Welcome to Chongqing!
Pronounced (chawng-ching), Chongqing, China, is a truly enormous city, straddling the Yangtze River in western China. With over 30 million residents crammed into the sprawling and somewhat grungy municipality, many visitors arriving in Chongqing Airport are put off by their initial impressions and move on after a night or two.
A true worldwide local who scratches beneath the undeniably shabby surface will be rewarded with a fascinating taste of life in one of China’s modern megacities. Here’s our guide to getting the most out of your time in Chongqing.
Where to Begin
Step into the Jiefangbei Pedestrian Street in Yuzhong district, to experience the dubious surroundings that are best described as a re-birth. Gone are the hastily erected concrete blocks and grubby sidewalks. In addition, so are the groups of pensioners playing cards on the sidewalk. Instead, you are transported into a hyper-modern pedestrianized zone with every big-name brand you can imagine like Gucci, Louis Vuitton, Starbucks, and McDonald's. Soak up the Chongqing weather while you give your credit card some exercise. It’s definitely more Times Square than Tiananmen Square, but it’s a spectacular sight and one not to be missed, especially in its fully illuminated glory at night. From here, it’s a short taxi ride to the architecturally impressive Great Hall of the People and Three Gorges Museum.
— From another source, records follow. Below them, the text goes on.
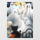 A spooky Halloween window cling featuring a haunting scene with a group of animated ghosts, a creepy mummy, and a mysterious black cat with glowing red eyes perched on a pumpkin. Perfect for creating a chilling atmosphere in your home or at Halloween parties.
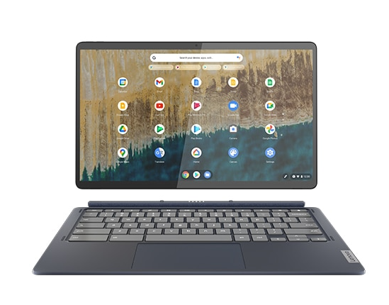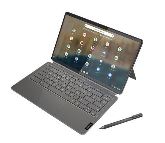탈부착이 가능한 패브릭 폴리오 키보드, 스타일러스 펜 지원, 초경량 울트라슬림 섀시를 갖춘 아이디어패드 듀엣5 크롬북(13.3형)은 2-in-1의 다양한 활용성과 휴대성을 자랑합니다. 화면을 분리하여 태블릿 모드로 영화를 감상하거나, 얇은 노트북 수준의 키보드를 사용하여 교실이나 소파에서 언제 어디서나 생산성을 발휘할 수 있습니다.
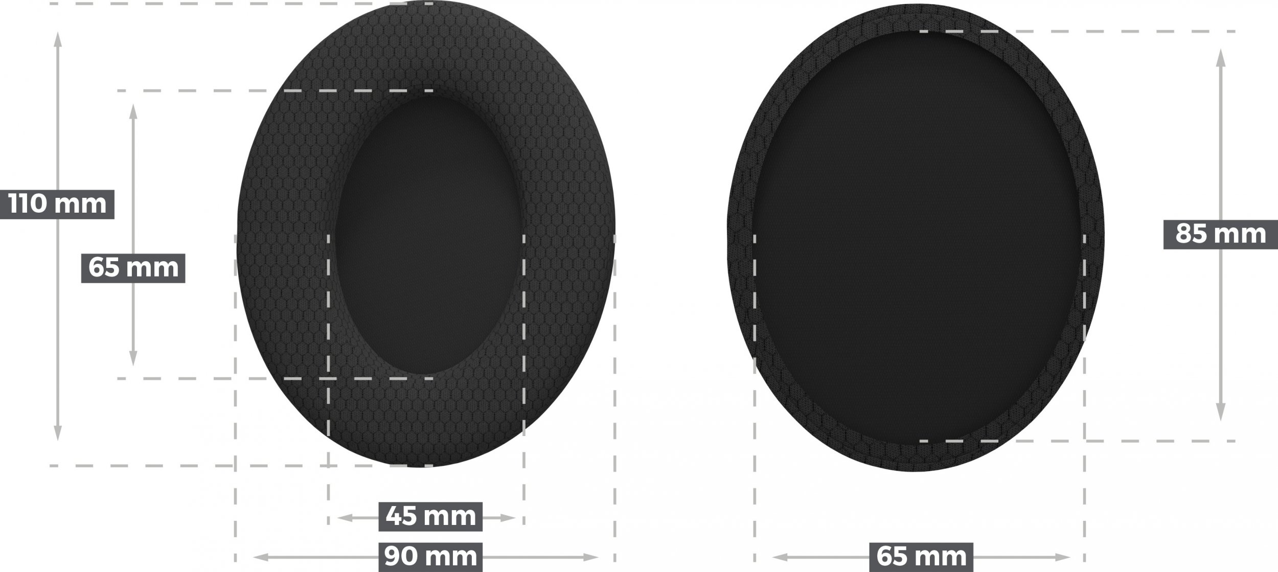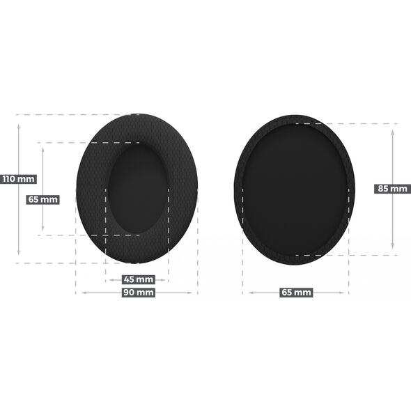 Szukasz nowych padów do słuchawek? Choć nauszniki EP02 stworzyliśmy z myślą o Genesis Toron 531 i 301, to ich montaż jest możliwy także na wielu innych słuchawkach. Wystarczy, że zmierzysz swoje stare nauszniki lub wielkość muszli i porównasz je z wymiarami przedstawionymi poniżej. Ich elastyczność sprawia, że nie musisz przejmować się milimetrowymi odchyleniami. Z łatwością dopasują się do Twojego modelu.

Worldwide Local Tip: A stone’s throw from the heart of the pedestrianized zone is the Shihuishi Road Night Market, a buzzing bazaar lined with a range of pop-up stalls, street food carts, and bars. A favorite spot among the locals, grab a plastic stool to enjoy a delicious plate of steaming beef dumplings.
Chongqing is a sprawling metropolis with its fair share of traffic and pollution problems; so don’t count on getting anywhere fast. With the exception of Jiefangbei Pedestrian Street, walking isn’t always the most pleasant option, particularly in the hot summer months. Busses aren’t particularly visitor friendly, either. Thankfully, the comprehensive monorail system is cheap, easy to use, and, mercifully, air-conditioned. Uber is another great option that requires zero knowledge of the Chinese language, but be prepared to spend significant time sitting in traffic!
Worldwide Local Tip: Chongqing can be a challenge for those who don’t speak or read Mandarin, and English speakers can sometimes be hard to come by, as well. The Waygo translation application will use your smartphone’s camera to read a menu/street sign/bus timetable and show you the English translation in real-time, even without an active internet connection.
Where to Go After Dark
On any given evening, follow the steady stream of locals and tourists to the riverside Hongyaidong area, a multi-story complex clinging to the riverbank, around half an hour’s walk from the pedestrian zone. Not only is this one of the best spots to enjoy the city’s immense skyline at night, but the maze of shops and restaurants spread over several stories are continuously buzzing. Be warned, don’t expect value for money here!
Worldwide Local Tip: Chongqing is the starting point for a number of Yangtze river cruises which sail as far as the famous Three Gorges Dam and beyond. Prices can be cheaper than when booked elsewhere in China and are nearly always negotiable. Try recruiting a native speaker to help you organize a trip. Hotel receptionists are usually happy to help, as well.
Eat Like a Local: Hot Pot!
Those who think that Chinese food is all about sweet and sour chicken will be in for a treat. In Chongqing, noodles take a backseat to the dish the city is known throughout China for its wickedly spicy hotpots. At restaurants on practically every corner, a boiling pot of red-chili infused broth is set at the center of the table. You are free to choose from a range of meats, fish and vegetables, which you cook yourself at the table. Etiquette can be a minefield, but copy those around you and display a broad grin, and that should do the trick. You may even make some new friends! Beware though, some rather unusual items can crop up on the hotpot menus. You may want to use a translation app to double check what you’re ordering. Lambs Brain Hotpot, anyone?
Worldwide Local Tip: The lanes between Minquan and Zhonghua roads, in the pedestrian zone, are home to many popular hotpot eateries. Cold beers, spicy broth, and a convivial atmosphere are guaranteed.
Enjoy Your Stay!
While it may take a little adjusting, Chongqing has plenty to offer the worldwide local in terms of culture, sights, and delicious food. Just like the ferocious chilies in the hotpots, once you’ve had a taste of Chongqing, there is something that keeps you coming back for more!